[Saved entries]

———

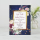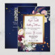 Lys blancs rose de Bourgogne sauge verdure bleu marine arrière - plan or géométrique cadre modèle floral faire-part de mariage avec code QR RSVP à l'arrière.
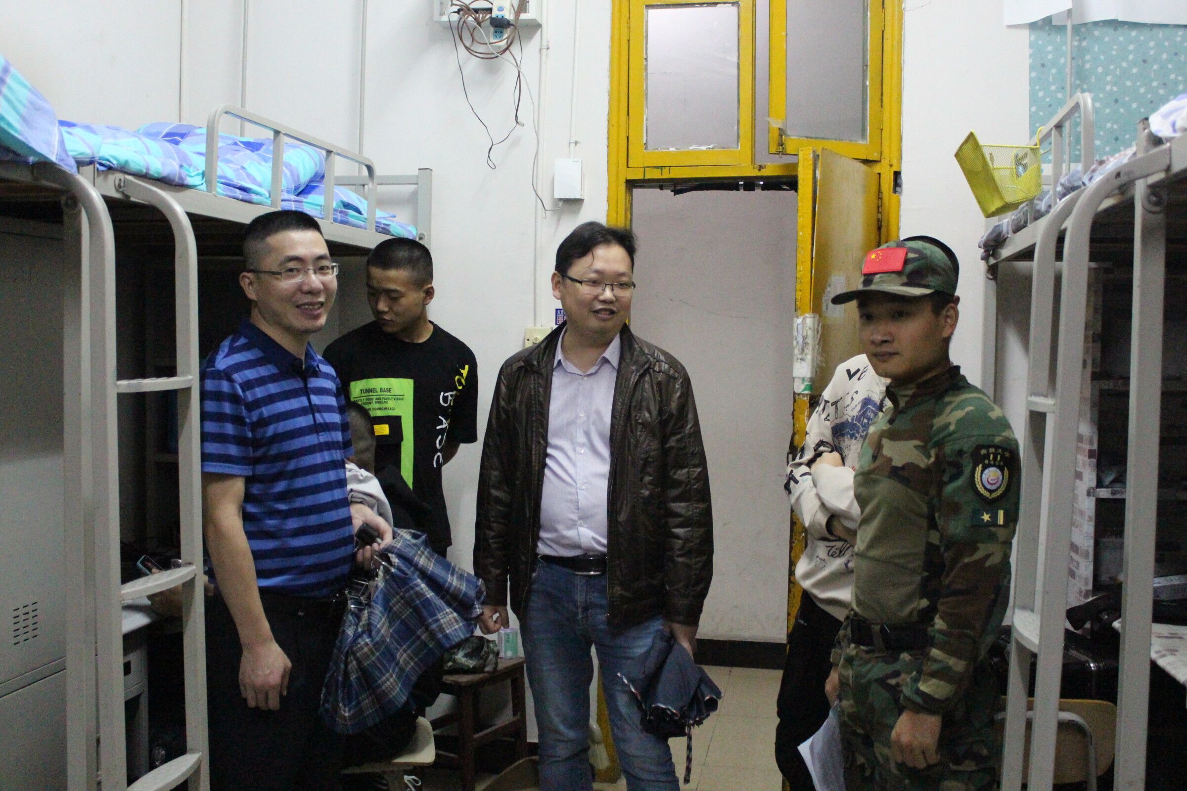 (图为方东辉院长、新生辅导员彭立平走访男生宿舍)
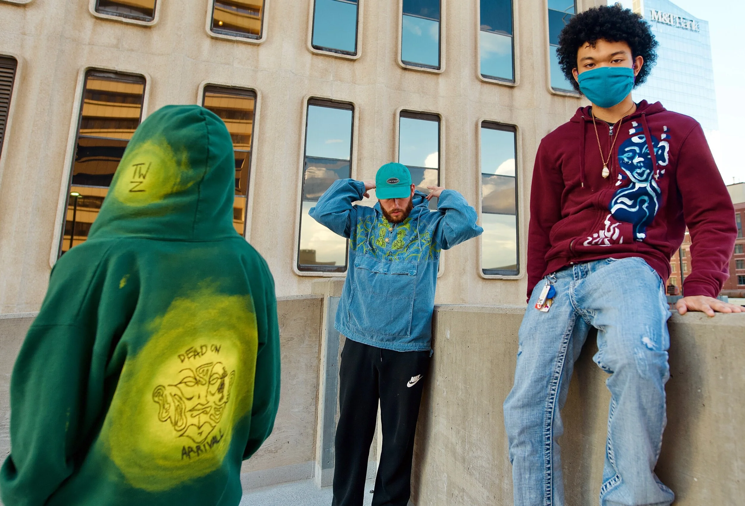 A person wearing a burgundy hoodie with a blue and white abstract face design, blue jeans, and a blue face mask sitting outdoors in an urban area with buildings and a blue sky in the background.
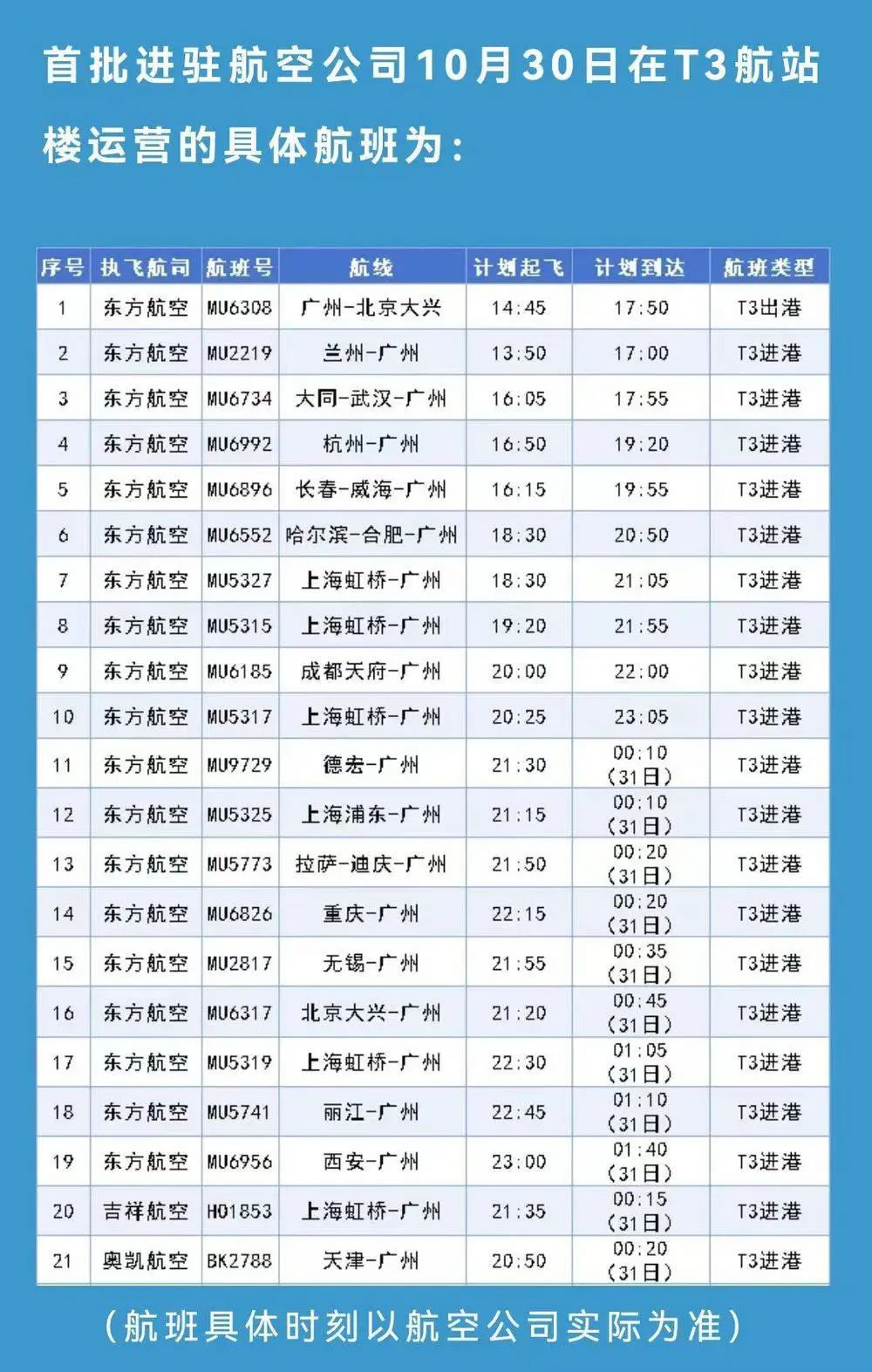 10月31日起,東方航空、上海航空、中國聯(lián)合航空、吉祥航空、奧凱航空的國內(nèi)進(jìn)出港航班均調(diào)整至白云機(jī)場(chǎng)T3航站樓運(yùn)營,東方航空的國際航班暫保留在T1航站樓運(yùn)營。
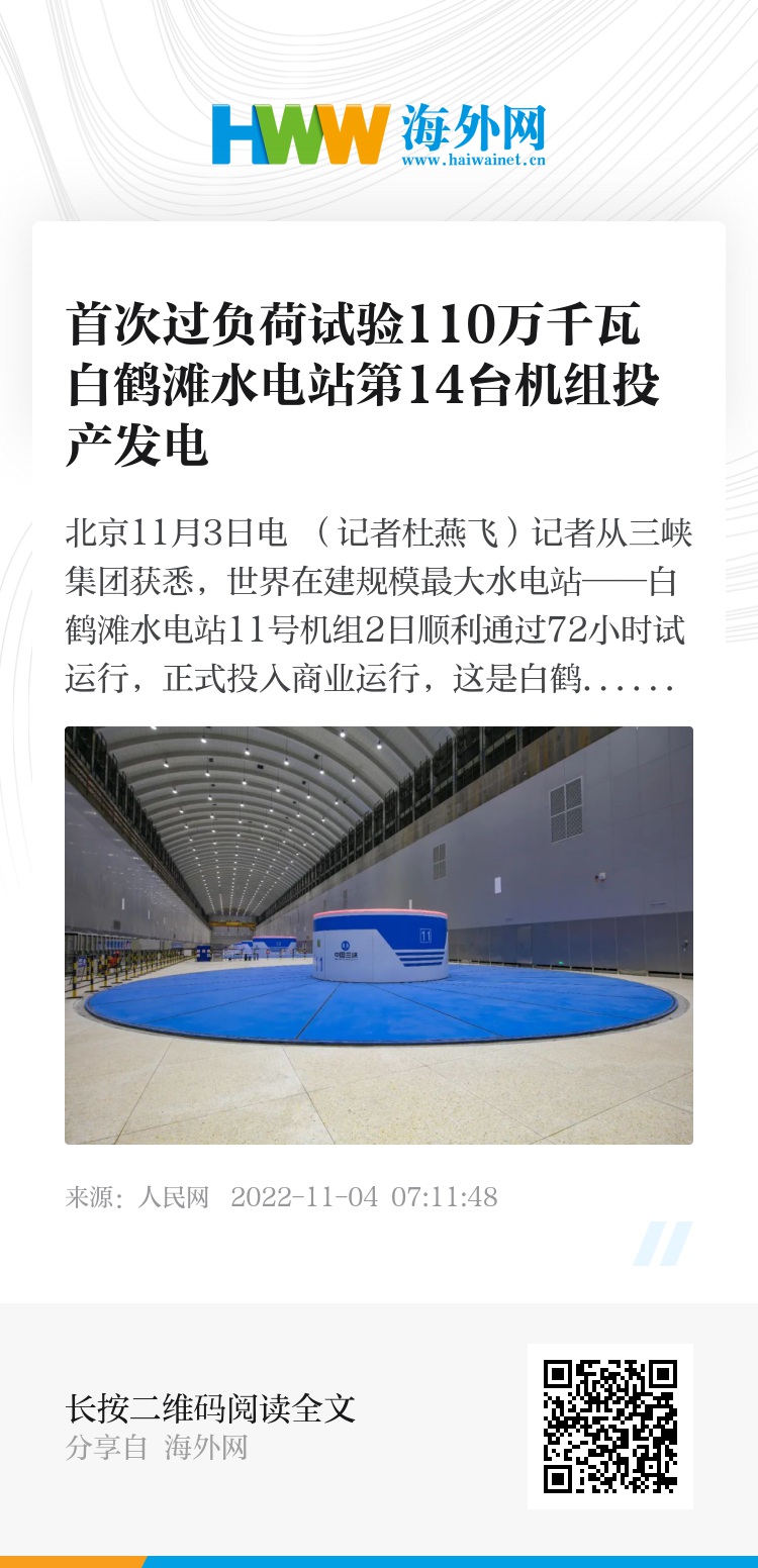 人民网北京11月3日电 (记者杜燕飞)记者从三峡集团获悉,世界在建规模最大水电站——白鹤滩水电站11号机组2日顺利通过72小时试运行,正式投入商业运行,这是白鹤滩水电站第14台投产发电的百万千瓦水轮发电机组。

———

EXERCISE DESCRIPTION: Once the line containing "A person wearing" is located, write out exactly that line and each one after it to the end of the records above, excluding pictures and nothing else.

TASK RESULT:
 A person wearing a burgundy hoodie with a blue and white abstract face design, blue jeans, and a blue face mask sitting outdoors in an urban area with buildings and a blue sky in the background.
 10月31日起,東方航空、上海航空、中國聯(lián)合航空、吉祥航空、奧凱航空的國內(nèi)進(jìn)出港航班均調(diào)整至白云機(jī)場(chǎng)T3航站樓運(yùn)營,東方航空的國際航班暫保留在T1航站樓運(yùn)營。
 人民网北京11月3日电 (记者杜燕飞)记者从三峡集团获悉,世界在建规模最大水电站——白鹤滩水电站11号机组2日顺利通过72小时试运行,正式投入商业运行,这是白鹤滩水电站第14台投产发电的百万千瓦水轮发电机组。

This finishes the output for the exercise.